Machine learning is a foundational technology for AI, but it’s really the castles built on those foundations that are the jewels in today’s artificial intelligence crown.
For the most part, the systems that ML has helped build come through a specific application of the technique called deep learning, which is used to build artificial neural networks.
Deep learning refers to the depth of algorithmic processing that is being used. Researchers realized that rather than relying on a single, complex algorithm layer to process information, a series of single-purpose filters could be used. This concept resembles the way that biological neural networks were thought to function, with millions of simple neurons either firing or not, coming together to interpret complex information coursing through the brain.
Artificial neural networks built using deep learning is the end goal of most machine learning in AI today. While the idea for such systems has been around for a long time, the computational ability to put together millions of layers and process billions of datapoints to train them has only recently emerged. So far, it’s been the most impressive approach to building thinking machines.
What Are the Alternatives to Machine Learning?
Machine learning is seen as almost synonymous with AI today because the technique has found such success in processing and interpreting ambiguous data… which is mostly what the real world has to offer.
But for many decades, before computer processing and data storage had a chance to catch up to the promise of neural networks and probabilistic reasoning, other approaches to AI were thought to be more favorable.
Many early AI scientists pursued symbolic artificial intelligence systems. These were more straightforward implementations of logical rule-based systems, using big databases full of answers and straightforward IF/THEN reasoning. But they performed poorly addressing new and unknown types of problems or ones without definitive answers.
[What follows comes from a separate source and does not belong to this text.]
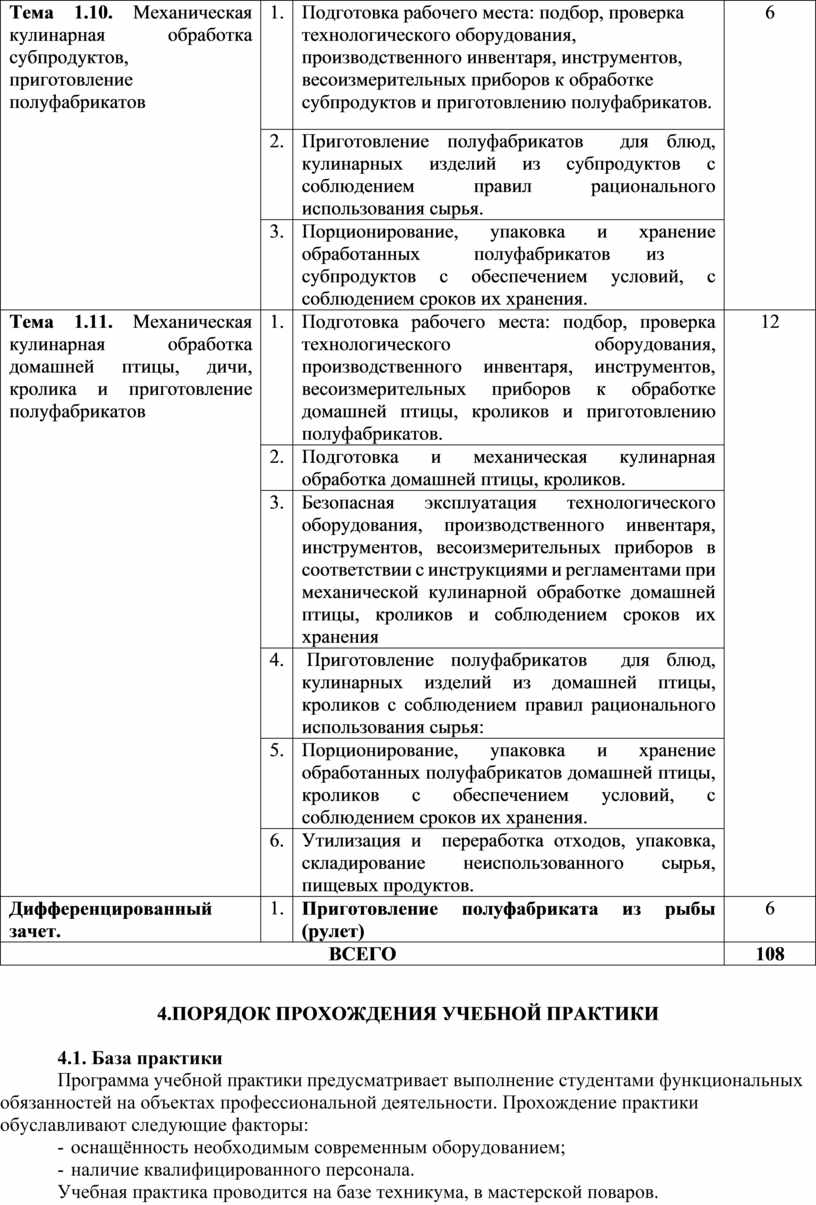 ПК 1.1 Подготавливать рабочее место, оборудование, сырье, исходные материалы для обработки сырья, приготовления полуфабрикатов в соответствии с инструкциями и регламентами. |

Other approaches include evolutionary algorithms, which use evolutionary metaphors to optimize performance, and situational approaches which build simple behaviors into small subsystems to create emergent intelligence through environmental interaction.
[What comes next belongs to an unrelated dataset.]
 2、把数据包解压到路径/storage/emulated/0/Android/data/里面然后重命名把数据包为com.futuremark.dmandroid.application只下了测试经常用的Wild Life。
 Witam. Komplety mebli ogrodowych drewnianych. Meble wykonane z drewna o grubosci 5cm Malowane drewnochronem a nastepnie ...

Symbolic AI doesn’t involve machine learning since the rules of the system are hardcoded as it is built. Some of the other approaches could, in a sense, be defined as machine learning since they involve adaptive reasoning over time. But as a practical matter, most people don’t include them in the machine learning definition in use today.
Other types of machine learning algorithms, such as linear or logistic regression, clustering, or Bayesian networks are also used in special purpose AI, however. And research continues to find new methods and new ways to use existing methods to create reasoning machines.
That means that machine learning will continue to be a hot field and a key piece of AI engineering for decades to come.